Yeah, I don't know how long that would take, either. You see, when you try to optimize your algorithm is when you really start to get into the realm of AI. Going brute force, I suppose this is just an "algorithm" exercise. However, any chess playing program tries to parse entire chunks out of the decision tree to optimize the moves it does evaluate as evaluating them all simply takes too darn long.

One question I have for you - do you need to find all solutions, or just a single solution? If you're after just a single solution, you could try continually placing the queens in random locations on the board until you find a working solution. Eventually, you should find a combination that works. It might be the first one you try, it might be the ten-thousandth one you try. That's all just the luck of the draw. If you're trying to find every single solution, however, going with random positioning would probably be very wasteful.
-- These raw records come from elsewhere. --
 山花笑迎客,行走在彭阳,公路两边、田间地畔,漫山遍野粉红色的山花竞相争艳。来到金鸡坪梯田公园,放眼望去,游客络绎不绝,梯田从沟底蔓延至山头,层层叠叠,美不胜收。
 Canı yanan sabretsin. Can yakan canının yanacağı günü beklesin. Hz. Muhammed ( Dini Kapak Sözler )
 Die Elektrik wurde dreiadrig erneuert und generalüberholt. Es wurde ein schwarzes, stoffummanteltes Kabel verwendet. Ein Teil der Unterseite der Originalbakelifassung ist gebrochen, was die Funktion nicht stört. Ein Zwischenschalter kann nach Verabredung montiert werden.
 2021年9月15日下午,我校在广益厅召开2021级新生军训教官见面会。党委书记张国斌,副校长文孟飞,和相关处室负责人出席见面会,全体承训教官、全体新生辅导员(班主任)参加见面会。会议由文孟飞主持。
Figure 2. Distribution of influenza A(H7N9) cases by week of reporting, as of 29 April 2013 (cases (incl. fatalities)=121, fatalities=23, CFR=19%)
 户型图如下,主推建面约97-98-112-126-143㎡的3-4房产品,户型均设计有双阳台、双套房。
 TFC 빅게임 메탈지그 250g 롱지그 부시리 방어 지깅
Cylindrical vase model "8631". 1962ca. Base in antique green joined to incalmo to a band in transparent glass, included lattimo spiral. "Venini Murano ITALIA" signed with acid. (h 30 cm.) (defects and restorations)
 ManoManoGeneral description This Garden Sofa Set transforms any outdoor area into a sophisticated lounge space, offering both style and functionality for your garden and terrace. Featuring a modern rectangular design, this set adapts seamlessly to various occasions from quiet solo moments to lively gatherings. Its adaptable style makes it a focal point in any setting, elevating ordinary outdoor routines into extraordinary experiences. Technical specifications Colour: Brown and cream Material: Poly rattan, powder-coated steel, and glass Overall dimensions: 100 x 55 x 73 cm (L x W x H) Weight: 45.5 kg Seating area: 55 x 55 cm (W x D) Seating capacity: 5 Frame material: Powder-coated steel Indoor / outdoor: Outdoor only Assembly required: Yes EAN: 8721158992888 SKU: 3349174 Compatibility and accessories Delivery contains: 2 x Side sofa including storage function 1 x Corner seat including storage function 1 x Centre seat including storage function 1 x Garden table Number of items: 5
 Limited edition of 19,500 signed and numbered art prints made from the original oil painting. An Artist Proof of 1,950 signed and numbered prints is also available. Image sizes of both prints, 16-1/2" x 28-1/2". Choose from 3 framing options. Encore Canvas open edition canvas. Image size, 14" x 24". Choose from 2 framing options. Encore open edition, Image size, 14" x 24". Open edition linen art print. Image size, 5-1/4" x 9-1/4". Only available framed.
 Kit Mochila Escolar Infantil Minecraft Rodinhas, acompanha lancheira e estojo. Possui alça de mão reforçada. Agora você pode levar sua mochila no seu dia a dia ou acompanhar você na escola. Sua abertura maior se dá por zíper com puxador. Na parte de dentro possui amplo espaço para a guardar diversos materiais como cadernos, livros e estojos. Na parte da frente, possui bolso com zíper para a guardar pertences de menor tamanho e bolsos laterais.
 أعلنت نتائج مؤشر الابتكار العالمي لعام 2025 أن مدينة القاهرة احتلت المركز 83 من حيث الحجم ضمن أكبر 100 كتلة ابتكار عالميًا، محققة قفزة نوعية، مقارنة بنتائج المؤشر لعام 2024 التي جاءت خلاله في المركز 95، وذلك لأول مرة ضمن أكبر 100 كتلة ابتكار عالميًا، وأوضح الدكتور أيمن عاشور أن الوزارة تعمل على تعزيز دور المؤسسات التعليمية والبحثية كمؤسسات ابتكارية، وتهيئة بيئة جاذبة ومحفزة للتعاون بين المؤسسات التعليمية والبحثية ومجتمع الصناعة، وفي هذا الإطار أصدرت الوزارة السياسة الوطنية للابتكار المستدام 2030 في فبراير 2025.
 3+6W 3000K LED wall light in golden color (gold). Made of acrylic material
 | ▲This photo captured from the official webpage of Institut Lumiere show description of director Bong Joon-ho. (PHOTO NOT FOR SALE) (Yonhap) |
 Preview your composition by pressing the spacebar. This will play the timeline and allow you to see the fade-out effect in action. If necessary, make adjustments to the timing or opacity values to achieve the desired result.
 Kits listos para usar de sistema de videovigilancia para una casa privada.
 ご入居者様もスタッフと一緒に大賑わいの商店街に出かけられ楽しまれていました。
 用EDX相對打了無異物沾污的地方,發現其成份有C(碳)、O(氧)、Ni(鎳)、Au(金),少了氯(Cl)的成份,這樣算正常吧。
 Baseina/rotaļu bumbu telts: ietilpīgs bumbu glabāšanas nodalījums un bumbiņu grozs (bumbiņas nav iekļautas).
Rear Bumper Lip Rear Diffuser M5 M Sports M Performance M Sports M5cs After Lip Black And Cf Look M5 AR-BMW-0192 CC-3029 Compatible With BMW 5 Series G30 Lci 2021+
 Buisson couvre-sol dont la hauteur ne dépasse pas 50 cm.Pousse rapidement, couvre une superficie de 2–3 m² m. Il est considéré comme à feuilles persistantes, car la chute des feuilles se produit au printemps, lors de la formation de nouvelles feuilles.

In all honesty, if you want to find every solution possible, I think you need to start with a "brute force" method and then go from there.

There are some rules you could enforce to make your searches more efficient. I guess I don't know for sure, but I'm guessing that it would be impossible to cover the entire board if 2 queens we in the same row/column. If that's really true, you could eliminate every single possibility in which two or more queens appear in the same row or column. That's a whole lot of possibilities you can simply "throw out." You never need to evaluate those possibilities.

If you can come up with a list of rules that you know would prevent you from finding a working solution, you can apply those to your algorithm. For example, start with the brute force method but, before evaluating the entire board for coverage, check the position of your queens against your set rules. If they pass those rules, check for coverage. If not, throw this case out and simply move on.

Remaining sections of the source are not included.